Vergelijk het bovenstaande met het scheppingsverslag zoals vastgelegd in Genesis 2, en wel als volgt:


  1. Zo werden de hemelen en de aarde voltooid, en al hun heerscharen.

  2. En op de zevende dag beëindigde God zijn werk dat hij had gemaakt; en hij rustte op de zevende dag van al zijn werk dat hij had gemaakt.

  3. En God zegende de zevende dag en heiligde die: omdat hij daarop had gerust van al zijn werk dat God schiep en maakte.

  4. Dit zijn de generaties van de hemel en de aarde toen ze werden geschapen, op de dag dat de Heer God de aarde en de hemel maakte,

  5. En elke plant van het veld voordat het in de aarde was, en elk kruid van het veld voordat het groeide: want de Here God had het niet laten regenen op de aarde, en er was geen man om de grond te bewerken.

  6. Maar er steeg een nevel op van de aarde, en bevochtigde de hele oppervlakte van de grond.

  7. En de Here God formeerde de mens uit het stof van de aarde, en blies in zijn neusgaten de levensadem; en de mens werd een levende ziel.

  8. En de Here God plantte een tuin oostwaarts in Eden; en daar plaatste hij de man die hij had gevormd.

  9. En de Here God deed uit de grond elke boom groeien die aangenaam is om te zien en goed om van te eten; ook de boom des levens in het midden van de tuin, en de boom van kennis van goed en kwaad.

  10. En er ontsprong een rivier uit Eden om de tuin te bevloeien; en vandaar werd het gescheiden en werd het in vier hoofden.

  11. De naam van de eerste is Pison: dat is het dat het hele land van Havila omvat, waar goud is;

  12. En het goud van dat land is goed: er is bdellium en de onyxsteen.

  13. En de naam van de tweede rivier is Gihon: dezelfde is het die het hele land van Ethiopië omgeeft.

  14. En de naam van de derde rivier is Hiddekel: die is het die naar het oosten van Assyrië gaat. En de vierde rivier is de Eufraat.

  15. En de Here God nam de mens en plaatste hem in de tuin van Eden om die te bewerken en te bewaren.

  16. En de Here God gebood de mens, zeggende: Van elke boom van de tuin mag u vrij eten:

  17. Maar van de boom van de kennis van goed en kwaad, daarvan mag je niet eten, want op de dag dat je daarvan eet, zul je zeker sterven.

  18. En de Here God zei: Het is niet goed dat de man alleen is; Ik zal een hulp voor hem maken.

  19. En uit de grond vormde de Here God al het gedierte van het veld en al het gevogelte in de lucht; en bracht ze naar Adam om te zien hoe hij ze zou noemen: en zoals Adam elk levend wezen noemde, zo heette het.

  20. En Adam gaf namen aan al het vee, en aan het gevogelte in de lucht, en aan al het gedierte van het veld; maar voor Adam werd er geen hulp gevonden die bij hem paste.

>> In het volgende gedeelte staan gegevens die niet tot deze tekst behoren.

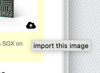 If you have images items that were created using an old version of this plugin. Those images probably only exist embedded in the page. You can update how those images are stored by clicking on the *import this image* (cloud) button that floats in the bottom right of image.
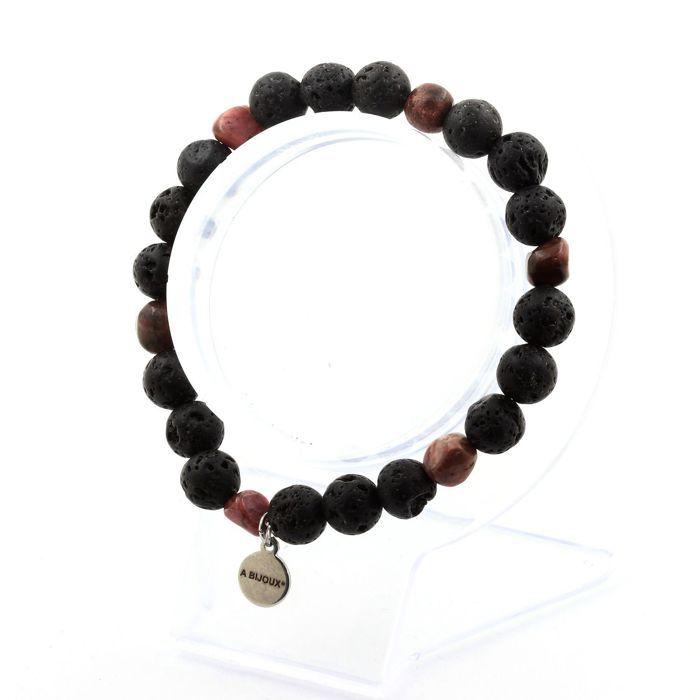 Камни и минералы. Браслет Родохрозит из Бразилии + Лавовые бусины 8 мм. Сделано во Франции.
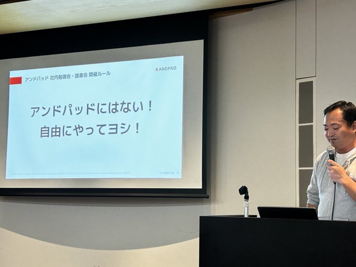 組織開発部 部長の後藤さんが登壇し、アンドパッドの社内勉強会・読書会・イベントをすべて紹介してくれました!
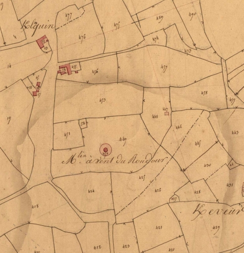 Extrait du cadastre de 1834 : le moulin à vent du Roudour (AD 22)Immatriculation

  21. En de Here God deed een diepe slaap op Adam vallen, en hij sliep: en hij nam een van zijn ribben en sloot het vlees ervoor in de plaats;

  22. En van de rib die de Here God uit de mens had genomen, maakte hij een vrouw en bracht haar bij de mens.

  23. En Adam zei: Dit is nu been van mijn gebeente en vlees van mijn vlees: ze zal Vrouw genoemd worden, omdat ze uit de Man genomen is.

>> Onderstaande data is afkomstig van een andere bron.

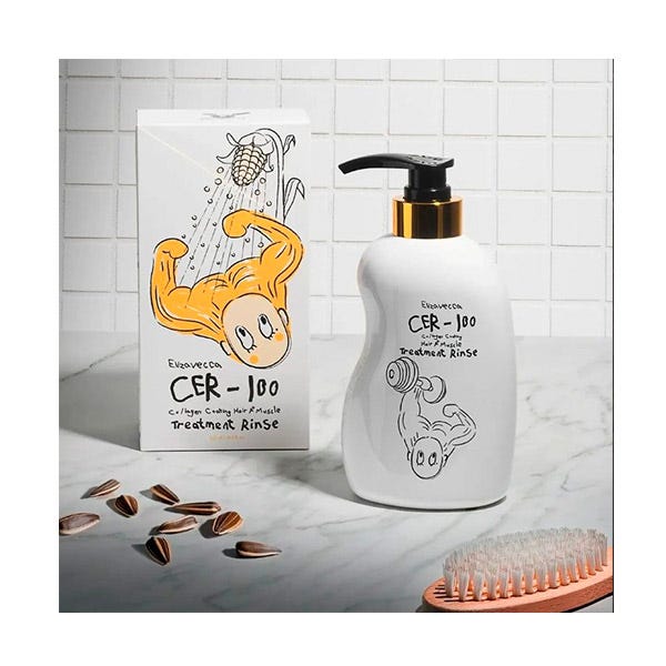 El CER-100 Collagen Coating Hair Muscle Treatment Rinse de Elizavecca es la solución definitiva para revitalizar, suavizar y fortalecer el cabello dañado. Este acondicionador intensivo combina ingredientes de alta calidad como colágeno, ceramidas y aceites esenciales para proporcionar una nutrición profunda que transforma tu cabello en cada aplicación.

  24. Daarom zal een man zijn vader en zijn moeder verlaten en zijn vrouw aanhangen, en zij zullen tot één vlees zijn.

  25. En zij waren beiden naakt, de man en zijn vrouw, en schaamden zich niet.

Bij vergelijkingen met deze twee accounts merken we de volgende verschillen op:

Genesis hoofdstuk 1 beschrijft zes dagen van de schepping, maar hoofdstuk 2 spreekt over de “dag waarop de Here God de aarde en de hemel maakte.”

Zijn de fruitbomen voor of na de mens gemaakt?

Genesis Hoofdstuk 1 stelt dat de fruitbomen vóór de mens werden geschapen, maar Hoofdstuk 2 geeft aan dat de fruitbomen na de mens werden geschapen.

Is het gevogelte uit het water of uit de grond geschapen? Genesis 1:20 zegt dat het gevogelte uit het water werd geschapen, maar Genesis 2:19 zegt dat het gevogelte uit de grond werd geschapen.

Waar krijgen we licht? Genesis 1:2-3 beweert dat God het licht schiep en het op de eerste dag van de duisternis scheidde, maar Genesis 1:14-19 zegt dat de zon, maan en sterren pas op de vierde dag werden gemaakt.

Is de mens voor of na de dieren geschapen? Genesis 1:25-26 stelt dat de mens werd geschapen na de andere dieren, maar in Genesis 2:18-19 werd de mens vóór de andere dieren geschapen.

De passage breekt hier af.